(Work order): Write the listing out again word for word, skipping each picture.

(Dataset extract):
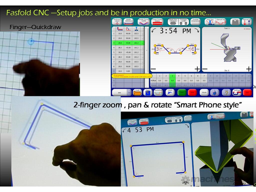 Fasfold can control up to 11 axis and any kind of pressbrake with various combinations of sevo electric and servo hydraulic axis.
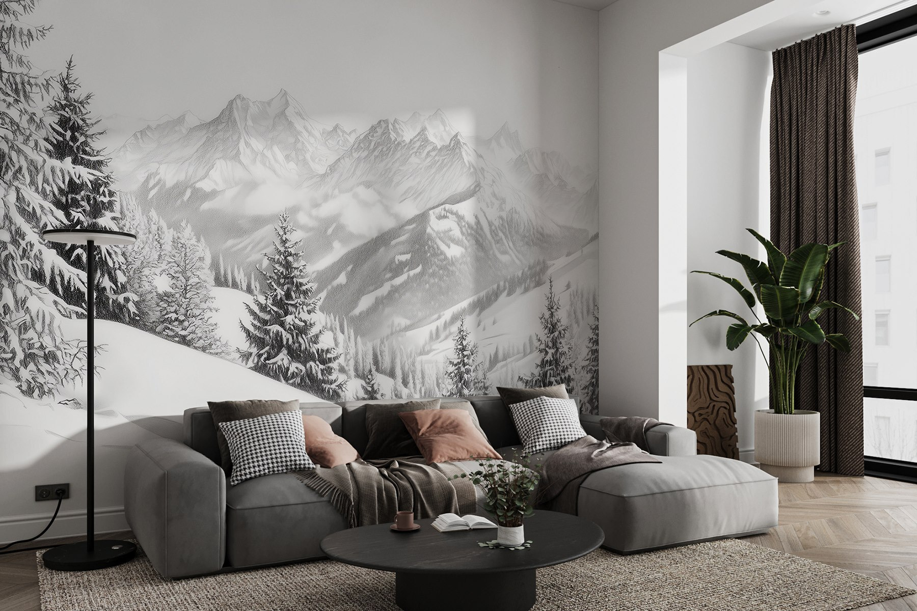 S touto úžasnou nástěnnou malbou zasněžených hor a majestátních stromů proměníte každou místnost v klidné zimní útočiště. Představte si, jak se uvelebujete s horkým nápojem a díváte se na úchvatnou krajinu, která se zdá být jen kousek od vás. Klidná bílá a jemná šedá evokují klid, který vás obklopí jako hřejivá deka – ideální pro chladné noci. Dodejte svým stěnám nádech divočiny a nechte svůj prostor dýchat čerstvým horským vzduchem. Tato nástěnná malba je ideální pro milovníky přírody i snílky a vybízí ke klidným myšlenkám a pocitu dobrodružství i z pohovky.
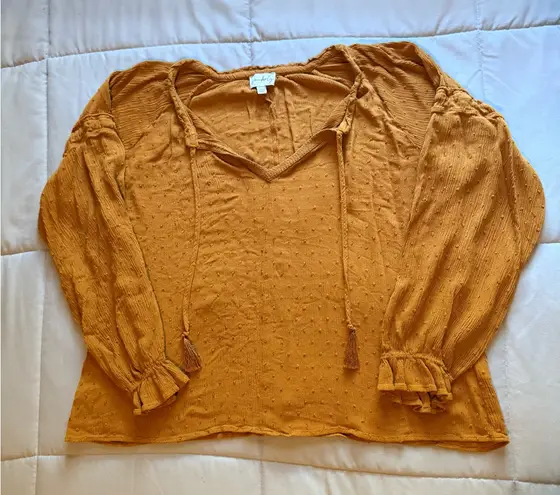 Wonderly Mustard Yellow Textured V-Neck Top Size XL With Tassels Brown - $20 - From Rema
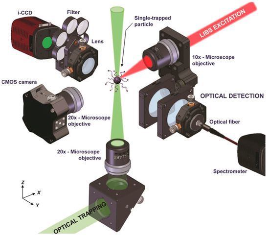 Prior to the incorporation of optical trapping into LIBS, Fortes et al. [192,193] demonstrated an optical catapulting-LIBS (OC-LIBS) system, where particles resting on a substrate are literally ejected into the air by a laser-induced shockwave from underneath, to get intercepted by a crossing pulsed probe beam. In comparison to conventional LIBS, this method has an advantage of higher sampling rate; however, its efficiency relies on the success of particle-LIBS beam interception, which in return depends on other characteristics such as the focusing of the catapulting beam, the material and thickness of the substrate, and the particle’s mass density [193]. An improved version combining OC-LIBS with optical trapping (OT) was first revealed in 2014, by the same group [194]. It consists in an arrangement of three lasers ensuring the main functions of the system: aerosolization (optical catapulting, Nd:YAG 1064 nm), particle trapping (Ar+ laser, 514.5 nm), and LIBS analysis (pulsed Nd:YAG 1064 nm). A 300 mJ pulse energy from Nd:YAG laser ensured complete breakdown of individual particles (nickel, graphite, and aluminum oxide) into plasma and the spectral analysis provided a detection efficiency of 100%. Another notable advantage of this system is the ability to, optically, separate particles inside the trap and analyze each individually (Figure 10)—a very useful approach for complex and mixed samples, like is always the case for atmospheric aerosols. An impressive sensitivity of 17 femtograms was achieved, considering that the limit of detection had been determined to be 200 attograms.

(Result of the exercise):
 Fasfold can control up to 11 axis and any kind of pressbrake with various combinations of sevo electric and servo hydraulic axis.
 S touto úžasnou nástěnnou malbou zasněžených hor a majestátních stromů proměníte každou místnost v klidné zimní útočiště. Představte si, jak se uvelebujete s horkým nápojem a díváte se na úchvatnou krajinu, která se zdá být jen kousek od vás. Klidná bílá a jemná šedá evokují klid, který vás obklopí jako hřejivá deka – ideální pro chladné noci. Dodejte svým stěnám nádech divočiny a nechte svůj prostor dýchat čerstvým horským vzduchem. Tato nástěnná malba je ideální pro milovníky přírody i snílky a vybízí ke klidným myšlenkám a pocitu dobrodružství i z pohovky.
 Wonderly Mustard Yellow Textured V-Neck Top Size XL With Tassels Brown - $20 - From Rema
 Prior to the incorporation of optical trapping into LIBS, Fortes et al. [192,193] demonstrated an optical catapulting-LIBS (OC-LIBS) system, where particles resting on a substrate are literally ejected into the air by a laser-induced shockwave from underneath, to get intercepted by a crossing pulsed probe beam. In comparison to conventional LIBS, this method has an advantage of higher sampling rate; however, its efficiency relies on the success of particle-LIBS beam interception, which in return depends on other characteristics such as the focusing of the catapulting beam, the material and thickness of the substrate, and the particle’s mass density [193]. An improved version combining OC-LIBS with optical trapping (OT) was first revealed in 2014, by the same group [194]. It consists in an arrangement of three lasers ensuring the main functions of the system: aerosolization (optical catapulting, Nd:YAG 1064 nm), particle trapping (Ar+ laser, 514.5 nm), and LIBS analysis (pulsed Nd:YAG 1064 nm). A 300 mJ pulse energy from Nd:YAG laser ensured complete breakdown of individual particles (nickel, graphite, and aluminum oxide) into plasma and the spectral analysis provided a detection efficiency of 100%. Another notable advantage of this system is the ability to, optically, separate particles inside the trap and analyze each individually (Figure 10)—a very useful approach for complex and mixed samples, like is always the case for atmospheric aerosols. An impressive sensitivity of 17 femtograms was achieved, considering that the limit of detection had been determined to be 200 attograms.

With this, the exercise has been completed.